In consideration for custody services covering monitoring and record-keeping relating to an exclusive securities borrowing arrangement with certain principals, Xxxxxx Xxxxxxx has agreed to pay The Huntington National Bank (“Huntington”) fees during the Lending Period. Huntington hereby accepts the payments outlined in the attached schedule (“Fee Schedule”).

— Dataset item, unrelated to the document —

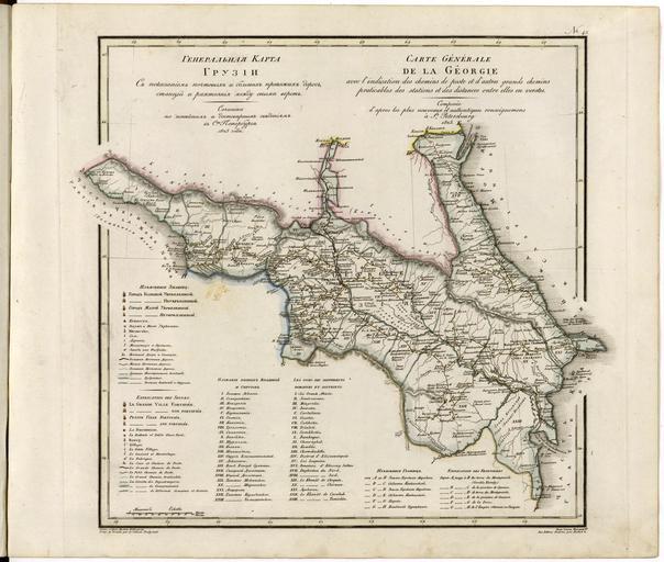 | Keywords: General Map of Georgia. Showing Postal and Major Roads, Stations and the Distance in Versts Between Them- According to the Latest Verified Data in St. Petersburg in 1823 WDL2437.png Artwork ru Пядишев Василий Пет ович fr Piadyshev Vasiliĭ Petrovich en Piadyshev Vasiliĭ Petrovich zh 帕迪谢乌 瓦西利·佩特罗维奇 pt Piadyshev Vasiliĭ Petrovich ar بياديشيف فاسيليي بيتروفيتش es Piadyshev Vasiliĭ Petrovic ru Общая ка та Г узии Изоб ажение почтовой и основных до ог станций и асстояний между ними в ве стах Согласно последним п ове енным сведениям в Санкт- Пете бу ге в 1823 г fr Carte générale de la Géorgie Routes postales et principales gares et distances en verstes entre elles Selon les dernières données analysées à Saint- en General Map of Georgia Showing Postal and Major Roads Stations and the Distance in Versts Between Them According to the Latest Verified Data in St Petersburg in 1823 zh 格鲁吉亚普 图 显示邮政和主要道路,车站和车站之间的俄里 离 根据1823年 彼得堡 新确认数据 pt Mapa Geral da Geórgia Mostrando as rotas postais e os principais eixos rodoviários estações e a distância em versts entre eles Conforme os mais recentes dados verificados em São Petersburgo em 1823 ar خريطة عامة لجورجيا تظهر الطرق البريدية والرئيسية، والمحطات والمسافة في الفرست بينهم بطرسبورغ في 1823 ru Данная ка та 1823 года на кото ой изоб ажена те ито ия Г узии входит в <i> Геог афический атлас Российской импе ии Ца ства Польского и Великого княжества Финляндского </i> в кото ом соб ана 61 ка та Российской импе ии Атлас был составлен и отпечатан полковником В П Пядышевым; он является свидетельством того насколько тщательно и под обно составлялись ка ты усскими военными ка тог афами пе вой четве ти XIX века а ка те показаны к упнейшие го ода семь типов в зависимости от азме ов го ода к епости цитадели и фо ты монасты и и пустыни заводы и фаб ики почтовые дво ы и станции до оги т и типа и г аницы госуда ственные и г аницы п овинций Расстояния указаны в ве стах ве ста являлась усской единицей изме ения длины авной 1 0668 км кото ая к настоящему в емени вышла из упот ебления Условные обозначения и геог афические названия п иведены на усском и ф анцузском языках Изоб аженная те ито ия в общих че тах соответствует те ито ии сов еменной Г узии fr Cette carte de 1823 de la Géorgie est issue de travaux plus importants <i>L'Atlas géographique de l'Empire russe du Royaume de Pologne et du Grand-Duché de Finlande</i> Geograficheskii atlas Rossiiskoi imperii tsarstva Pol'skogo i Velikogo kniazhestva Finliandskogo contenant 61 cartes de l'Empire russe Compilée et gravée par le colonel V P Piadyshev elle reflète la cartographie détaillée effectuée par les cartographes militaires russes au cours du premier quart du 19ème siècle La carte montre les centres de population sept gradations par taille les forteresses les redoutes et les forts les monastères et les déserts les plantes et les usines les relais et stations de poste les routes trois types et les frontières des États et des provinces Les distances sont indiquées en verstes une unité de mesure russe qui n'est plus utilisée égale à 1 0668 kilomètre Les légendes et les noms de lieux sont en russe et en français Le territoire représenté sur la carte correspond approximativement à celui de l'actuelle Géorgie en This 1823 map of Georgia is from a larger work <i>Geographical Atlas of the Russian Empire the Kingdom of Poland and the Grand Duchy of Finland</i> Geograficheskii atlas Rossiiskoi imperii tsarstva Pol'skogo i velikogo kniazhestva Finliandskogo containing 61 maps of the Russian Empire Compiled and engraved by Colonel V P Piadyshev it reflects the detailed mapping carried out by Russian military cartographers in the first quarter of the 19th century The map shows population centers seven gradations by size fortresses redoubts and forts monasteries and deserts plants and factories postal courtyards and stations roads three types and borders state and provincial Distances are shown in versts a Russian measure now no longer used equal to 1 0668 kilometers Legends and place names are in Russian and French The territory depicted on the map roughly corresponds to that of present-day Georgia zh 这幅 1823 年的格鲁吉亚 图出自 部巨 <i> 俄罗斯 国 波兰王国和芬兰大公国 理 图集 </i> (Geograficheskii atlas Rossiiskoi imperii tsarstva Pol'skogo i velikogo kniazhestva Finliandskogo),该 图集共包括 61 幅俄罗斯 国 图 这幅 图集由 V·P·Piadyshev 上校编制和刻版, 反映了 19 世纪前 25 年间俄罗斯军事制图师 达到的碎部测图水平 该 图标注了人口中心(根据大小分成七个等级) 要塞 小型防御工事与堡垒 修道院与沙漠 工厂 邮 和车站 道路(三种)以及 和 区的边界 离采用的单位是俄里,该单位目前已不再使用,1 俄里等于 1 0668 公里 图例和 名采用俄语和法语标注 该 图 描绘

Should you have any questions, please do not hesitate to contact Xxxxxxxxxx Xxxxxxx at (000)-000-0000.
Very truly yours,
Xxxxxx Xxxxxxx & Co. LLC |
MS Securities Services Inc. | |||||||
By: | /s/ Xxxxxxx Xxxxxxx | By: | /s/ Xxxxxxx Xxxxxxx | |||||
Name: Xxxxxxx Xxxxxxx | Name: Xxxxxxx Xxxxxxx | |||||||
Title: Managing Director | Title: Executive Vice President | |||||||
Acknowledged and Accepted By:
The Huntington National Bank |
||||||||
By: | /s/ Xxxxx Xxxxxx | |||||||
Name: Xxxxx Xxxxxx | ||||||||
Title: Vice President |
Fee Schedule
The Huntington National Bank
on behalf of The Huntington Funds
(“Huntington”)
and
Xxxxxx Xxxxxxx & Co. LLC and MS Securities Services Inc.
(“Xxxxxx Xxxxxxx”)
I.) Fees
1.) | Fee per borrow and return |
a.) | $22 per borrow and return, not to exceed an aggregate sum of $50,000 per annum |
II.) Payment
The above fees will be invoiced monthly. Payment is due within 10 days following calendar month-end.
III.) Term of fee schedule
This fee schedule is effective as of June 1, 2013.